“Roads Not Taken” of the Depression Era .

On April 28, 1938, five thousand people gathered in the Livestock Pavilion in Madison, Wisconsin, to hear Governor Phil La Follette announce the creation of the National Progressive Party.  On the stage, behind the small and studious – looking governor, was an immense banner bearing the party’s emblem — a blue cross in a red circle.  It was a shocking and unmistakable takeoff of the Nazi Party’s symbol — some called it a “circumcised swastika.”  Around the pavilion stood national guardsmen in shiny steel helmets, emblazoned with the party’s jarring insignia.

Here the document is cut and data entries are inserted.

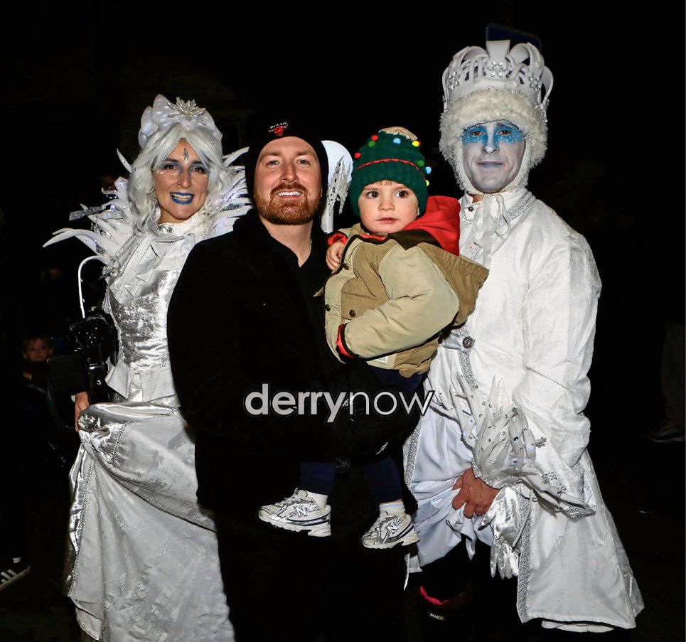 Christopher and Noah McCarter with "Ice King & Queen" characters at the Culmore Community Partnership’s “Elf Parade and Christmas lights switch-on”.
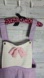 Charming purple pinafore dress featuring a white bodice and a cute pink bow. Perfect for a playful and stylish look.
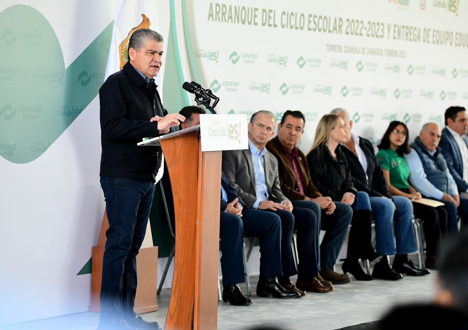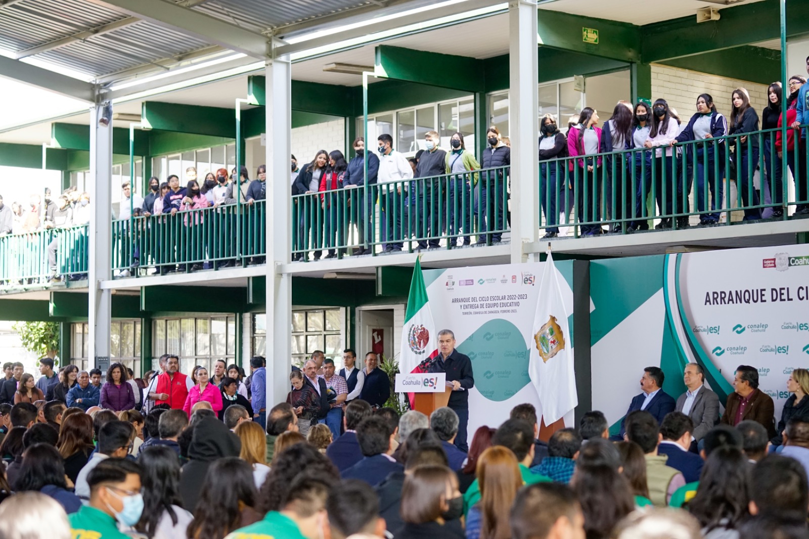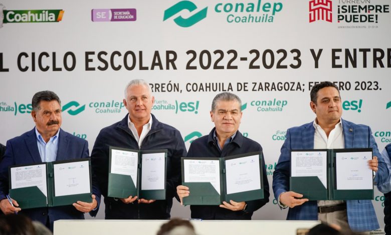 El gobernador Miguel Ángel Riquelme Solís encabezó la ceremonia de inicio del Ciclo Escolar 2022-2023 en el Conalep de esta ciudad, en donde además entregó equipo educativo y firmó, como Testigo de Honor, un convenio de colaboración entre esta institución y la Coparmex.
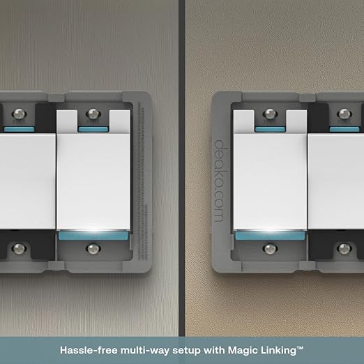 - HASSLE-FREE INSTALLATION: Powered by exclusive Magic Linking technology, Deako’s next-gen switch automatically configures multi-way lighting setups with zero programming or electrical wiring required.
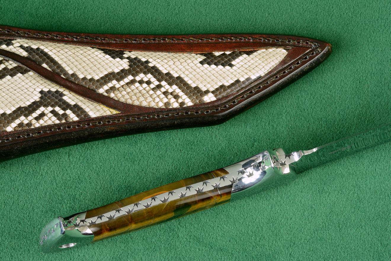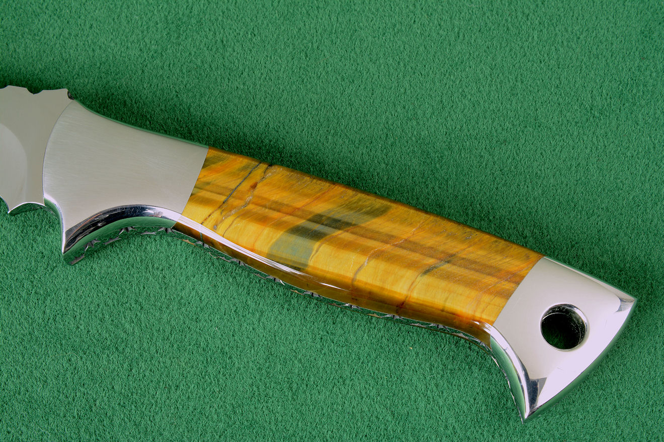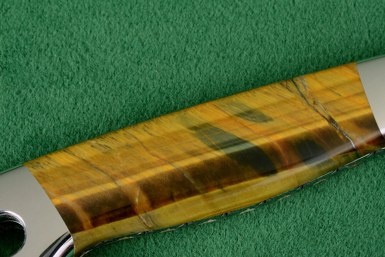 when needed. The knife is handled with Tiger Eye Quartz gemstone, a
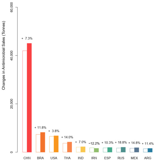 The top 10 consumers of veterinary antimicrobials by country in 2017 (open bars) and their projected consumption for 2030 (closed bars). CHN, China; BR, Brazil; USA, United States; THA, Thailand; IND, India; IRN, Iran; ESP, Spain; RUS, Russia; MEX, Mexico; ARG, Argentina.

The old parties were “fumbling the ball,” La Follette told the excited, roaring crowd.  The good intentions of President Roosevelt were being “sabotaged, undermined and humstrunt” by dissension in the Democratic Party, and especially by its reactionaries.  For liberal Americans who longed for change, the National Progressives, he proclaimed, was not a third party but rather “THE party our time.”

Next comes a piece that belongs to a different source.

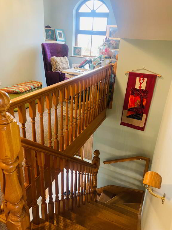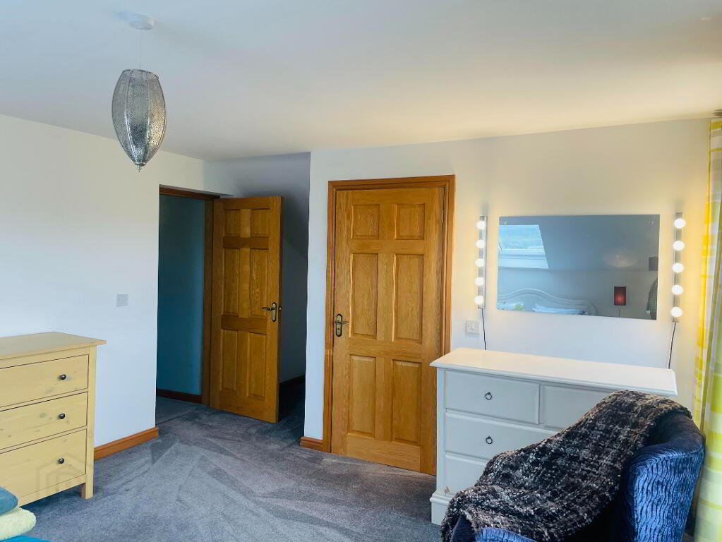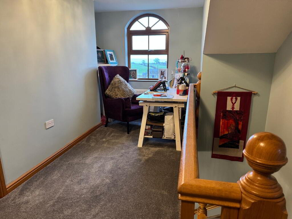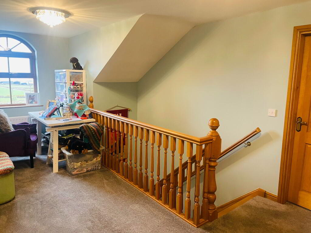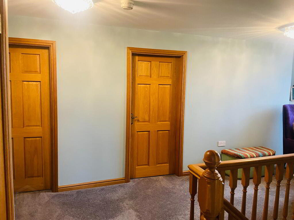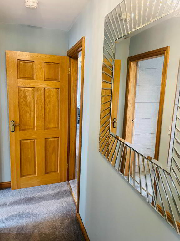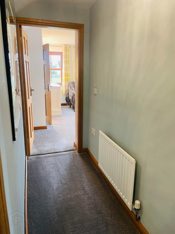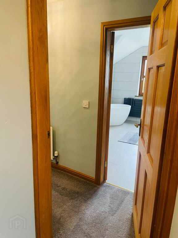 Leading off the Solid Oak Staircase, this hallway is graced with lots of natural light with a large window that is embracing the views into Annalong Village and such an idyllic setting to sit and watch the waves on the Irish Sea! Carpet flooring.

The party platform, however, puzzled some observers.  “We are near the end of the road,” La Follette exclaimed.  “The time has come when a new trail must blazed.”  Exactly what kind of trail did he have in mind?  The governor refused to offer “blueprints.”  What kind of progressivism was he offering then?  He ruled out “failed capitalism,” insisting that capitalism had become obsolete.  His brand of progressivism, he said, meant no more “coddling or spoon-feeding of Americans.”  The executive branch needed power “to get things done.”  But he opposed military preparedness and hammered FDR’s naval buildup.
His statements were alarmingly, ominously vague.  “We must have a method and be able to act collectively, but preserve at the same time individual initiaitve.”  In a frightening emotional appeal that made short shrift of reason, he declared that only true believers — “those who come with complete conviction and without reservation” — were welcome in his party.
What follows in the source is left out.